Obesity results when a person ingests more calories than he or she can burn off. If this happens regularly over a period of time, the body will store the extra calories as fat. The body is able to burn off calories as energy needed throughout the day, but if the energy is not burned away, it will be stored as fat.
Every person has his or her own metabolic rate. This is the rate at which calories are used or burned off within the body. People who take a lot of exercise or are employed in strenuous jobs usually have a very high metabolic rate. They require a lot of calories, but burn them off easily. People who do not take a lot of exercise or are involved in jobs such as office work do not need as many calories.
The body stores extra calories as fat as a precaution against times of starvation. In the western world, starvation rarely affects people who eat regularly. If a person continually eats calories that he or she cannot burn off, obesity may occur.
Obesity is very serious health problem. Research has shown that it can shorten life expectancy by at least nine years. In the last two decades, the obesity rate in adults has quadrupled. Obesity can also lead to many other health complications, including infertility, depression, heart disease and stroke.
U.S. Obesity Statistics
More than one-third of U.S. adults (35.7%) are obese.
Approximately 17% (or 12.5 million) of children and adolescents aged 2—19 years are obese.
[Data from the National Health and Nutrition Examination Survey (NHANES)]
Trends by State 1985–2010
During the past 20 years, there has been a dramatic increase in obesity in the United States and rates remain high. In 2010, no state had a prevalence of obesity less than 20%. Thirty-six states had a prevalence of 25% or more; 12 of these states (Alabama, Arkansas, Kentucky, Louisiana, Michigan, Mississippi, Missouri, Oklahoma, South Carolina, Tennessee, Texas, and West Virginia) had a prevalence of 30% or more.
Although there are genetic and hormonal influences on body weight, obesity occurs when you take in more calories than you burn through exercise and normal daily activities. Your body stores these excess calories as fat. Obesity usually results from a combination of causes and contributing factors, including:
If you’re not very active, you don’t burn as many calories. With a sedentary lifestyle, you can easily take in more calories every day than you use through exercise and normal daily activities.
Unhealthy diet and eating habits
Having a diet that’s high in calories, eating fast food, skipping breakfast, eating most of your calories at night, drinking high-calorie beverages and eating oversized portions all contribute to weight gain.
Lack of sleep
Getting less than seven hours of sleep a night can cause changes in hormones that increase your appetite. You may also crave foods high in calories and carbohydrates, which can contribute to weight gain.

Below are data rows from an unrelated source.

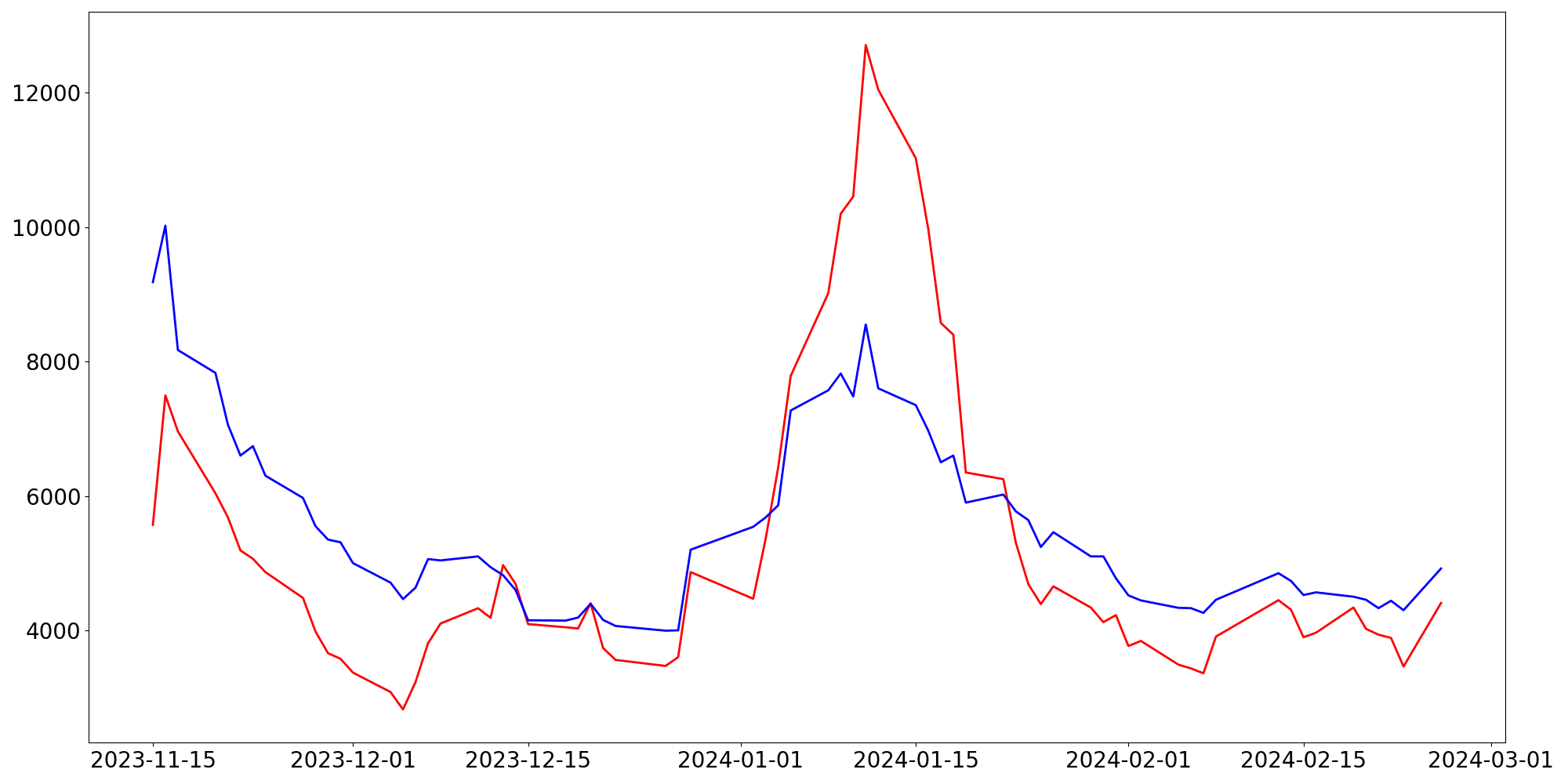[ - : 실제값(종가) / - : 예측값(종가) ]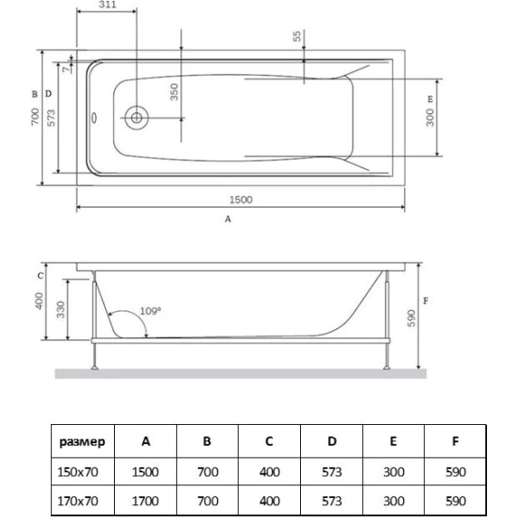 Акриловая ванна Vincea VBT-2G150-FR 150x70 см, белый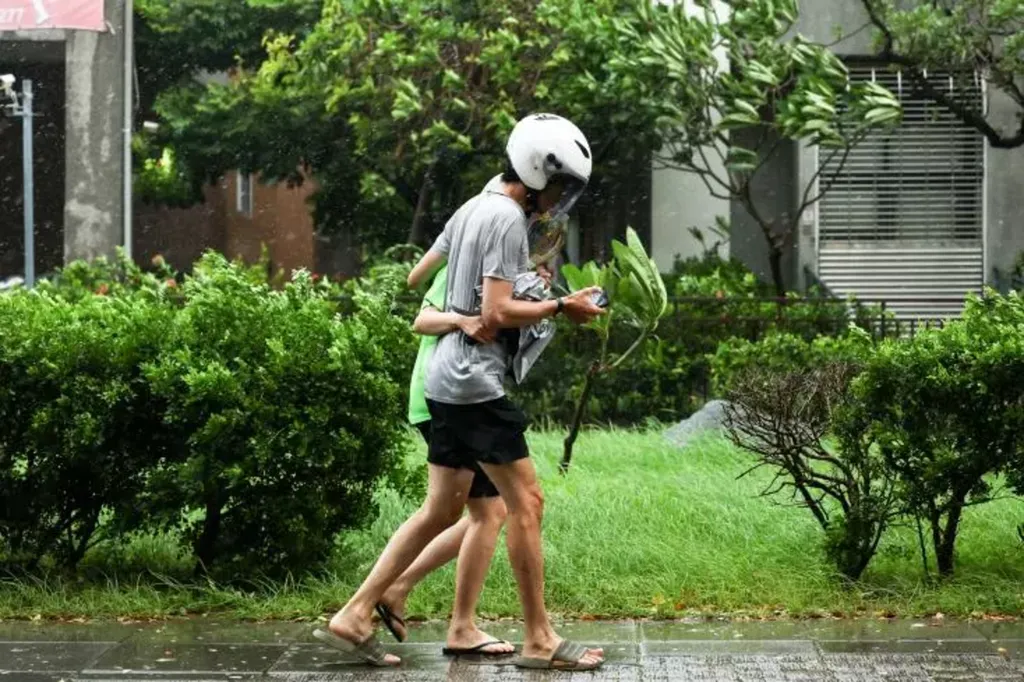 | Des personnes marchent avec des casques dans les rues de Kaohsiung après le passage du typhon à Taïwan le 13 août. |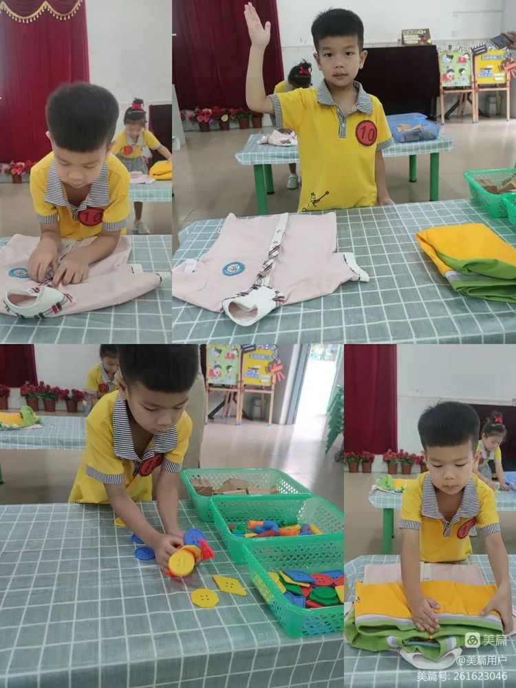 中班:收拾玩具—叠衣服—扣纽扣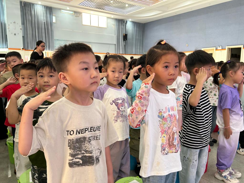 讲座内容充实、形式丰富:通过阅兵视频展示了现代化装备,彰显国家实力,萌发了幼儿对国防科技的兴趣;历史战争动画让幼儿直观感受抗战时期的艰辛岁月,懂得了珍惜今天的幸福生活;王二小的故事和《歌唱二小放牛郎》的学唱环节,让孩子们沉浸式体会到小英雄的勇敢与奉献;最后,孩子们在部队授课军官指导下学习站军姿、敬礼等队列动作,在实践中培养幼儿的爱国意识和责任感。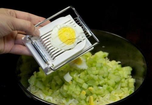 4. очистите и нарежьте яйца, добавьте в салатник.

Some medications can lead to weight gain if you don’t compensate through diet or activity. These medications include some antidepressants, anti-seizure medications, diabetes medications, antipsychotic medications, steroids and beta blockers.
Obesity can sometimes be traced to a medical cause, such as Prader-Willi syndrome, Cushing’s syndrome, polycystic ovary syndrome, and other diseases and conditions. Some medical problems, such as arthritis, can lead to decreased activity, which may result in weight gain. A low metabolism is unlikely to cause obesity, as is having low thyroid function.
Symptoms of obesity
Being a little bit overweight may not cause too many noticeable problems. However, once you are carrying a few extra kilograms (or pounds), you may develop symptoms that affect your daily life.
Day-to-day, obesity causes problems such as:
- increased sweating,
- difficulty sleeping,
- inability to cope with sudden physical activity,
- feeling very tired every day, and
- back and joint pains.
Obesity can also cause changes that you may not notice, but that can seriously harm your health, such as:
- high blood pressure (hypertension), and
- high cholesterol levels (fatty deposits blocking up your arteries), and
- type 2 diabetes – a chronic (long-term) condition that is caused by too much glucose in the blood.
In the longer term, obesity greatly increases your risk of a number of serious medical conditions.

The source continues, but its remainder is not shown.